The identification of meaningful control gaps will allow for the creation of new fundamental mechanisms for AI-specific points of enforcement and telemetry collection, or at the very least provide the mental model through which we can begin to address them.
Key gaps identified in this analysis include:
- Architectural and traffic flow assumptions: Training clusters shift security from a primarily north-south (traffic into and out of a data center) perimeter definition and associated defense strategy to extremely high-volume east-west (internal network) traffic within a network fabric, thereby reducing the usefulness of traditional segmentation and inline inspection.

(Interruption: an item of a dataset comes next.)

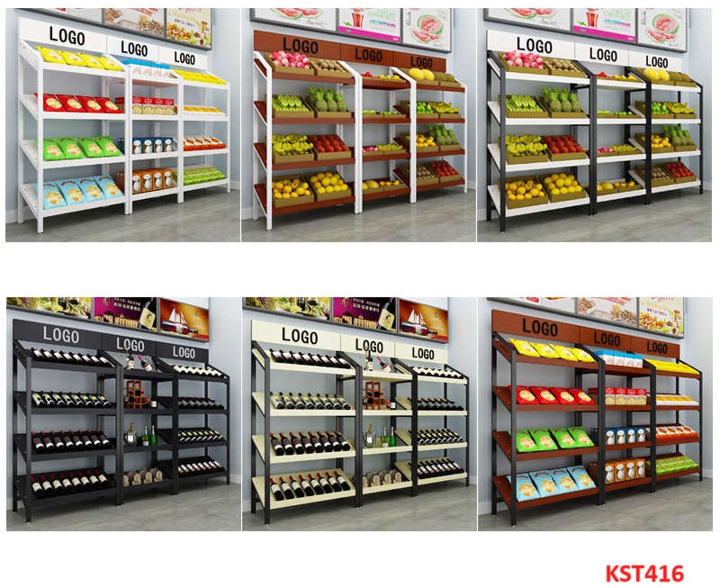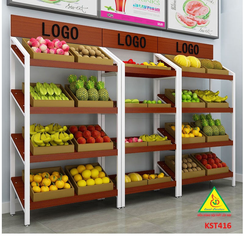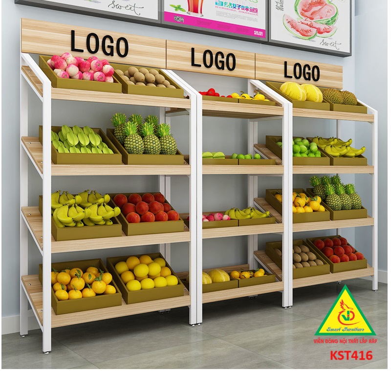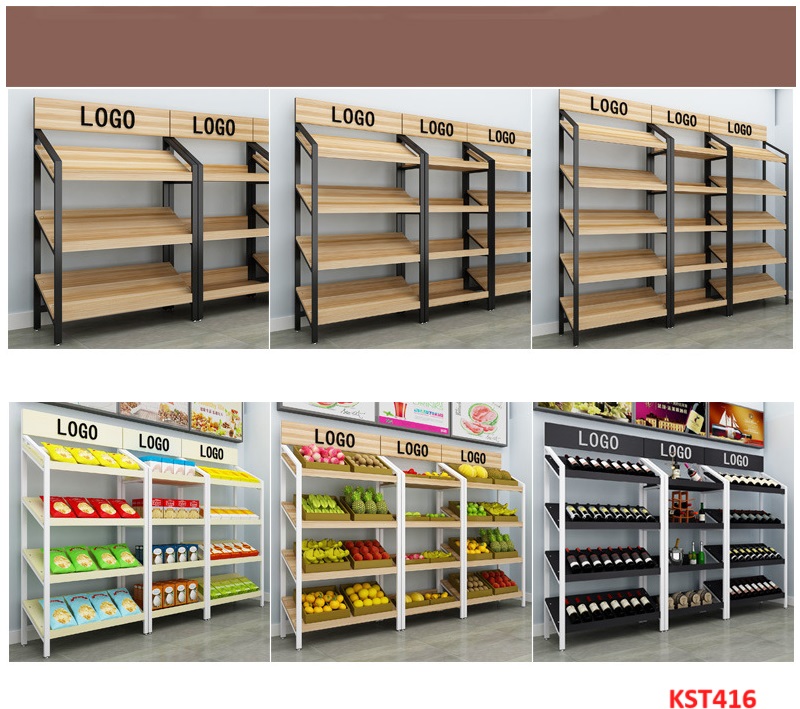 Kệ gỗ khung sắt trưng bày sản phẩm trong các cửa hàng trái cây, rau củ quả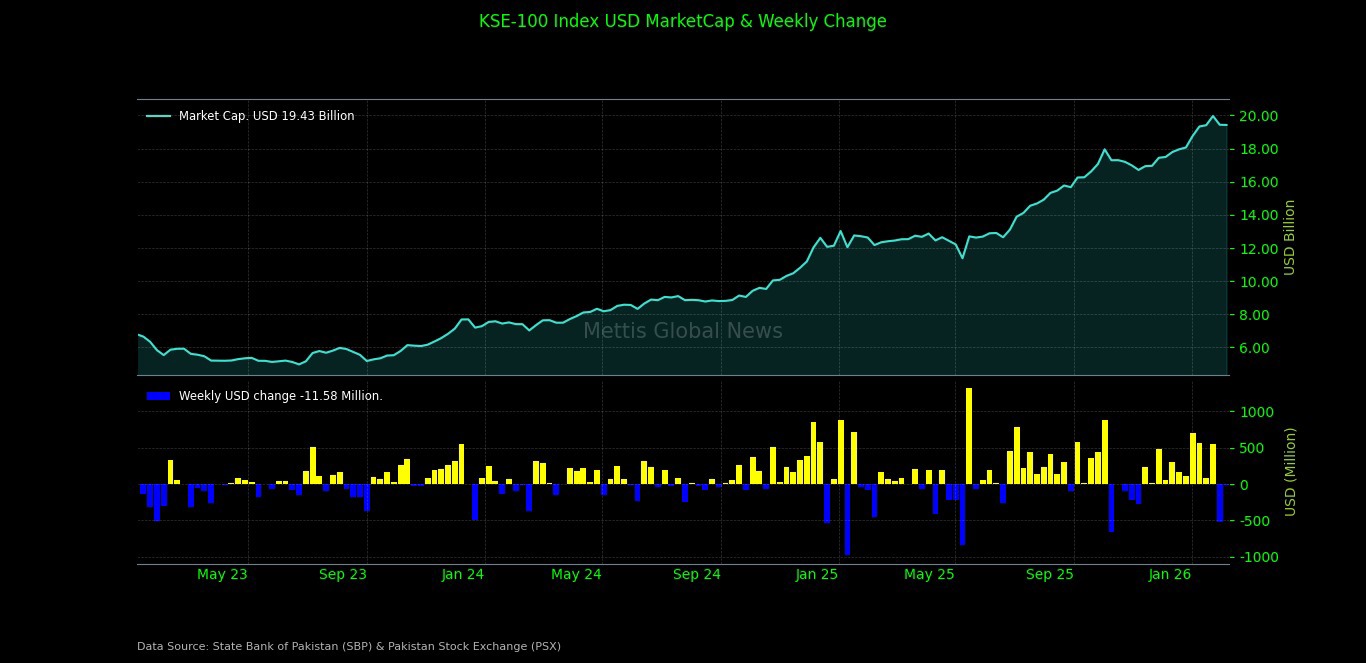 February 7, 2026 (MLN): The Pakistan Stock Exchange (PSX) ended the outgoing week on a muted note, as the benchmark KSE-100 Index slipped marginally by 44.91 points, or 0.02% WoW, closing at 184,129.58 on February 6, 2026, compared to 184,174.49 at the end of the previous week.

- Management plane: The control plane, which is composed of components such as Baseboard Management Controllers (BMCs), orchestration, firmware management, and fabric management, becomes a meaningful blast radius multiplier where compromise can cascade across a cluster.
- Hardware, firmware, and supply-chain: Accelerator cards, Network Interface Cards (NICs) and Digital Processing Units (DPUs), switches, and all associated firmware expand the trusted computing base and reduce buyer leverage in procurement because of the relatively limited number of key AI-specific hardware vendors.
- Model artifacts and checkpoints: Checkpoints are both the recovery mechanism for long training runs and a portable copy of the model. Ensuring integrity and sufficient access controls for checkpointing systems is not sufficiently covered in existing standards.
- Detection and response: Monitoring techniques and related technologies that are effective in enterprise IT may be infeasible at the level of throughput required in the AI context, and containment and recovery decisions are complicated by the opportunity cost of lost compute time.
- Physical security and emanations: When accounting for more sophisticated nation-state adversaries, physical and Operational Technology (OT) attack surfaces become more relevant and important to protect. Current data center standards rarely recommend sufficient emanations controls outside of application to classified environments.
The following near-term recommendations aim to address the identified gaps until an AI-specific data center standard is developed:
- Take an overlay or profile approach by starting from a proven baseline, such as the National Institute of Standards and Technology (NIST)’s SP 800-53B high-impact control set, and document where accelerator fabrics and management networks require compensating controls or translation.
- Define AI-specific assets and protect them through currently feasible means. Treat checkpoint storage locations as high-privilege systems and protect them using strong integrity and access controls.
- Categorize the management plane as a Tier-0 network. Harden access paths to BMCs, and implement monitoring where possible, isolate management networks, and engage in firmware provider vetting. Define firmware update best practices that line up with the sensitivity of the environment.
- Develop a taxonomy specifically for AI incidents and their corresponding incident response playbooks. These should cover scenarios unique to the AI context and include model weight theft, checkpoint poisoning, and training data manipulation or sabotage. Plan sufficiently for long recovery and dwell times.
Use profiles or overlays as the primary means for standardization. This aligns with the approach by NIST and Cloud Security Alliance (CSA) for Control Overlays for Securing AI Systems (COSAiS), the Cyber AI Profile, and AI Controls Matrix (AICM), while extending them to address the unique security requirements of AI infrastructure and threat models.